Stored data START

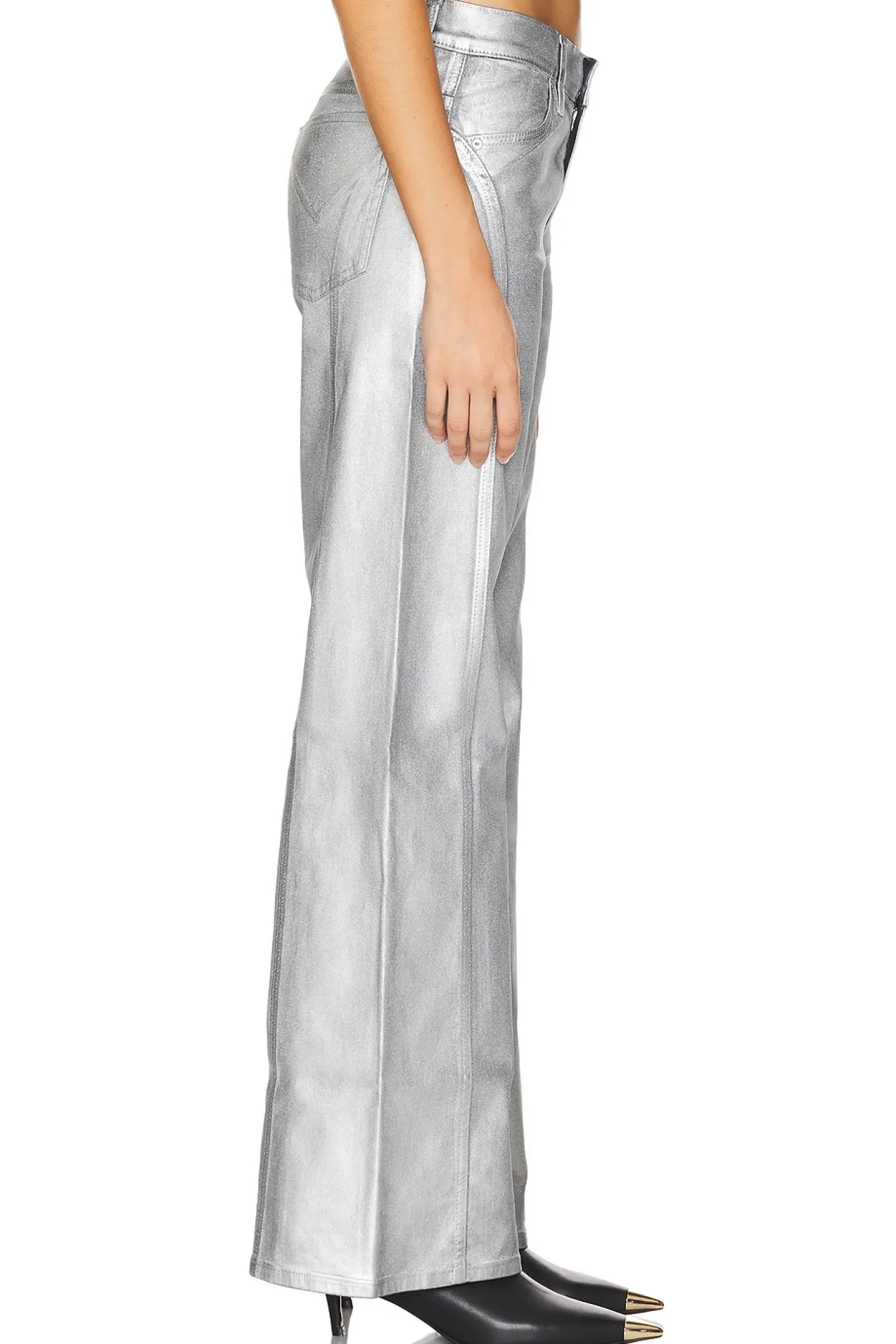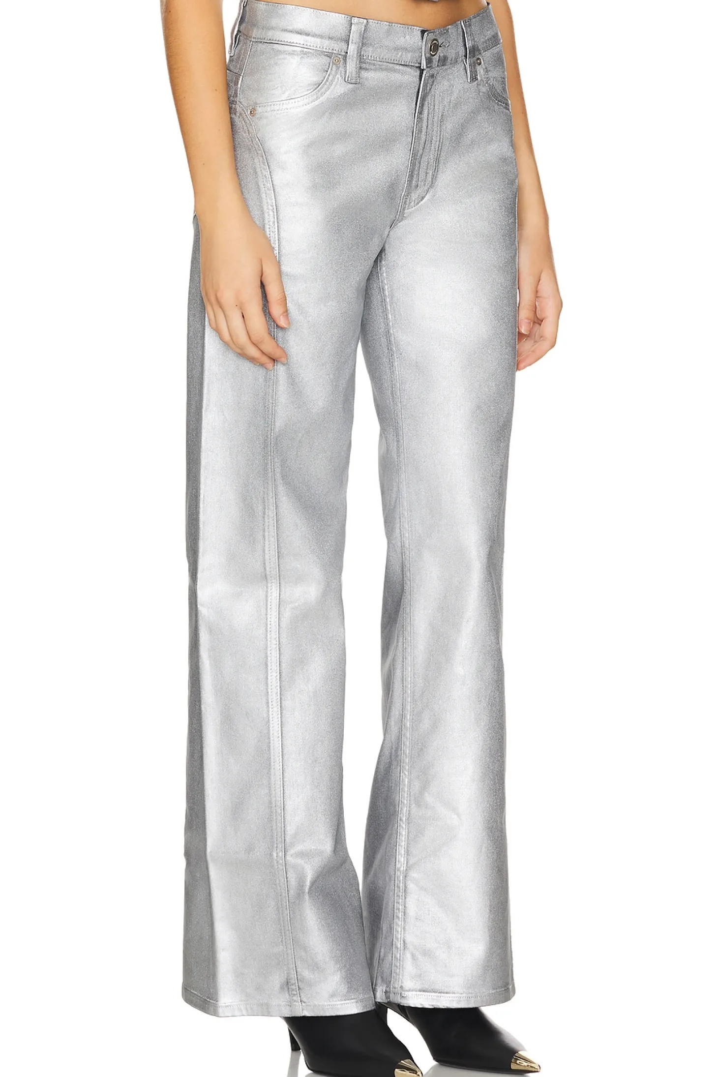 79% cotton 18% modal 3% elastane.Made in China.Dry clean only.Zip fly with button closure.4-pocket styling.Metallic coated denim.Item not sold as a set.21" at the knee and breaks to 23" at the leg opening
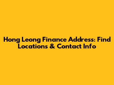 Hong Leong Finance Address: Find Locations & Contact Info
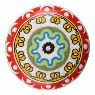 Geef je meubels een opvallend en karaktervol accent met de Meubelknop 40mm Happy Industrial I. Deze porseleinen meubelknop heeft een levendig motief in rood, groen, geel, blauw en zwart, omlijst door een decoratieve rand. Het kleurrijke ontwerp past perfect bij vintage, industriële en bohemian interieurs, en geeft zowel oude meubels als nieuwe kasten direct een unieke uitstraling.

Stored data END

**Work to complete:** What is needed is a word-for-word copy of the data above, free of any images.

**Response to the exercise:**
 79% cotton 18% modal 3% elastane.Made in China.Dry clean only.Zip fly with button closure.4-pocket styling.Metallic coated denim.Item not sold as a set.21" at the knee and breaks to 23" at the leg opening
 Hong Leong Finance Address: Find Locations & Contact Info
 Geef je meubels een opvallend en karaktervol accent met de Meubelknop 40mm Happy Industrial I. Deze porseleinen meubelknop heeft een levendig motief in rood, groen, geel, blauw en zwart, omlijst door een decoratieve rand. Het kleurrijke ontwerp past perfect bij vintage, industriële en bohemian interieurs, en geeft zowel oude meubels als nieuwe kasten direct een unieke uitstraling.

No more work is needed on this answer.